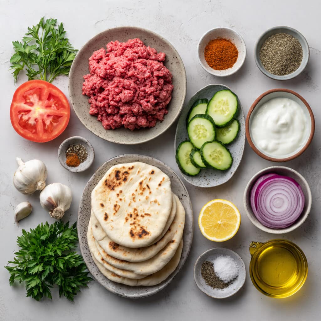 - Finishing Touches: Warm the pita bread, then fill with beef, tomatoes, cucumbers, red onion, parsley, and drizzle with yogurt sauce.
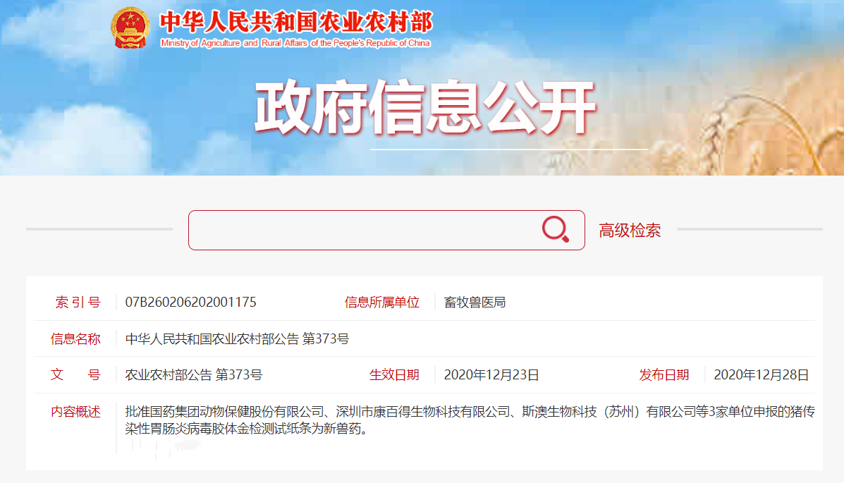 根據(jù)《獸藥管理條例》和《獸藥注冊辦法》規(guī)定,經(jīng)審查,批準(zhǔn)國藥集團(tuán)動物保健股份有限公司、深圳市康百得生物科技有限公司、斯澳生物科技(蘇州)有限公司等3家單位申報的豬傳染性胃腸炎病毒膠體金檢測試紙條為新獸藥,核發(fā)《新獸藥注冊證書》,發(fā)布產(chǎn)品試行規(guī)程、質(zhì)量標(biāo)準(zhǔn)、說明書和標(biāo)簽,自發(fā)布之日起執(zhí)行。
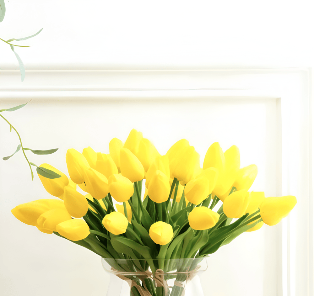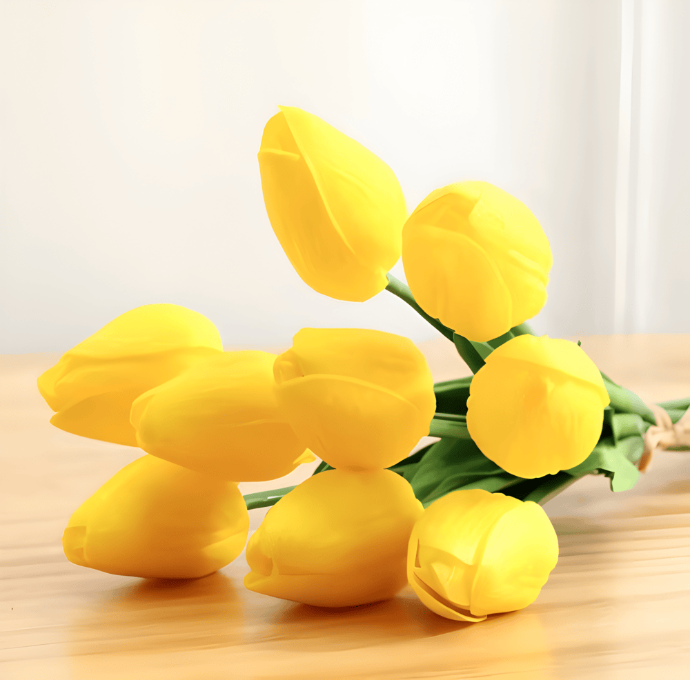 Dette settet med 6 realistiske kunstige tulipanbuketter tilfører farge og eleganse til ethvert rom, uten vann eller omsorg. Den høykvalitets finishen og livaktige detaljer gjør dem nesten umulige å skille fra ekte tulipaner. Perfekt for stuer, festbord, hagefester, eller som varig sesongdekorasjon.
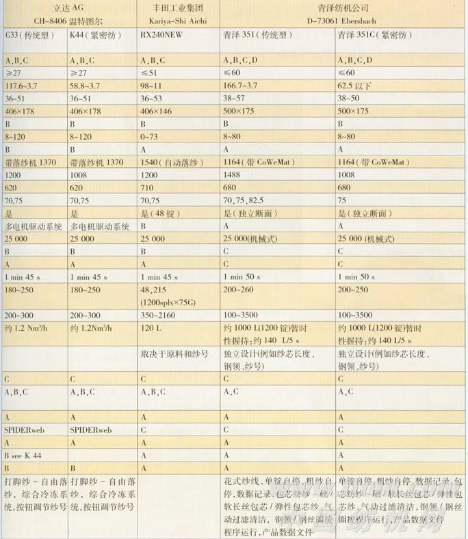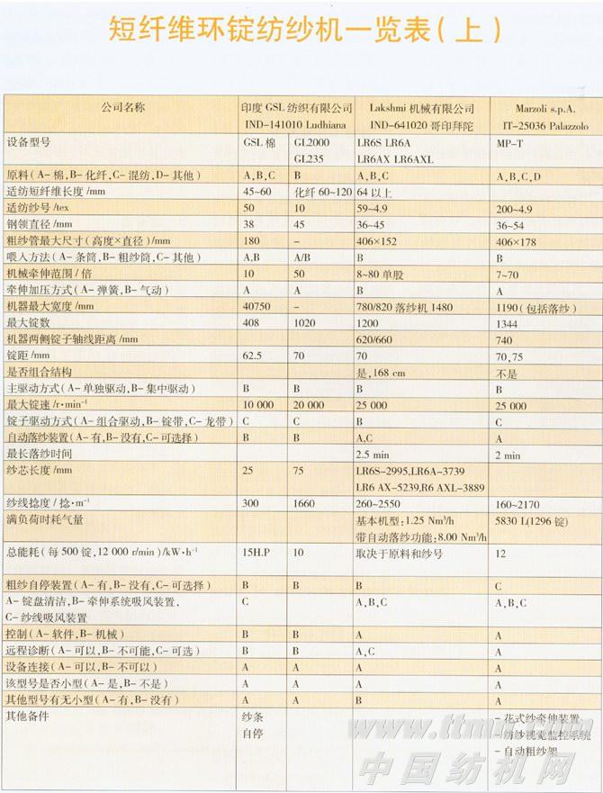 短纤维环锭纺纱机一览表(上)

###

◆ Required work
Leave out the pictures and restate, word for word, the lines from the top of the data through the line containing "根據(jù)《獸藥管理條例》", both included.

◆ Task solution
 - Finishing Touches: Warm the pita bread, then fill with beef, tomatoes, cucumbers, red onion, parsley, and drizzle with yogurt sauce.
 根據(jù)《獸藥管理條例》和《獸藥注冊辦法》規(guī)定,經(jīng)審查,批準(zhǔn)國藥集團(tuán)動物保健股份有限公司、深圳市康百得生物科技有限公司、斯澳生物科技(蘇州)有限公司等3家單位申報的豬傳染性胃腸炎病毒膠體金檢測試紙條為新獸藥,核發(fā)《新獸藥注冊證書》,發(fā)布產(chǎn)品試行規(guī)程、質(zhì)量標(biāo)準(zhǔn)、說明書和標(biāo)簽,自發(fā)布之日起執(zhí)行。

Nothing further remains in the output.